24 января 1878 года, в десять часов утра, Засулич явилась в приёмную к градоначальнику. На ней была широкая чёрная тальма без рукавов: в её складках скрывался шестизарядный револьвер. Генерал начал обходить просителей (их было человек двенадцать) – первой стояла Засулич. Трепов принял прошение, спросив о чём оно; затем обратился к следующей просительнице с тем же вопросом. Старушка не успела ответить: раздался выстрел.
Засулич стреляла в упор, с расстояния полушага «из револьвера, – как сказано в обвинительном акте, – заряженного пулями большого калибра»[63]. Трепов взялся за бок и начал падать; покушавшуюся схватили.
На суде А. Ф. Кони допрашивал свидетеля – майора Курнеева; Достоевский слышал весь диалог.
«В<опрос>. Боролась с вами подсудимая?
О<твет>. Нет.
В <опрос>. Делала она движение, чтоб выстрелить второй раз?
О<твет>. Нет, у неё не было револьвера, она его бросила.
В<опрос>. Так что, она выстрелила только один раз?
О<твет>. Да, один раз»[64].
Итак, произведя выстрел, Засулич отбросила пистолет в сторону. Когда А. Ф. Кони спросил её, желала ли она убить Трепова или только ранить, она отвечала, что это ей было всё равно: она лишь хотела «показать этим, что нельзя так безнаказанно надругаться над человеком»[65].
(Дубровин уже подходит к вопросу как практик: он считал, что покушение не удалось по чисто техническим причинам. «Вера Ивановна Засулич, – писал он в изъятых у него при аресте «Записках русского офицера-террориста», – тоже напрасно выбрала револьвер системы “бульдог” среднего калибра… Если приходится погибать нашим дорогим товарищам-социалистам, то пусть они погибают, производя, насколько только возможно, наибольший урон в рядах нашего бесчеловечного, дикого и крупного врага»[66].)

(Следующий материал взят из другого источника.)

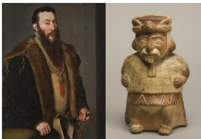
Antonio Moro Retrato de Giovanni Battista di Castaldo , hacia 1550 (Portrait of Giovanni Battista di Castaldo) Óleo sobre tabla. 107,6 x 82,2 cm Museo Nacional Thyssen-Bornemisza Vasija antropomórfica . Perú, 100 a.C.-700 (Anthropomorphic vessel) Cerámica. 19,5 x 11,5 cm. Museo de América, Madrid
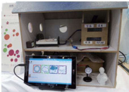
「全自動冷暖マット」(上段) / 「お天気通知ライト」(下段)の模型

同社の特長は、システム開発というエレクトロニクスだけでなく、各種センサー類やインターネット技術を組み合わせたメカトロニクス開発企業でもあること。自社製品として「全自動冷暖マット」(上段) / 「お天気通知ライト」(下段)の模型

Выстрел Засулич был преступлением идеологическим.
Почти все убийства и самоубийства в романах Достоевского – идеологичны.
Некоторые моменты этого процесса (в частности, поведение председателя суда, речи сторон и т. д.) отзовутся впоследствии в «Братьях Карамазовых». Но нас пока интересует другое.
Нас интересует приговор.
Приговор был беспрецедентен: общество (в лице присяжных) поквиталось с тяжёлым самодуром – полновластным хозяином столицы. По негодующему слову Каткова, этот процесс обратился в «дело петербургского градоначальника Трепова, судившегося по обвинению в наказании арестанта Боголюбова»[67].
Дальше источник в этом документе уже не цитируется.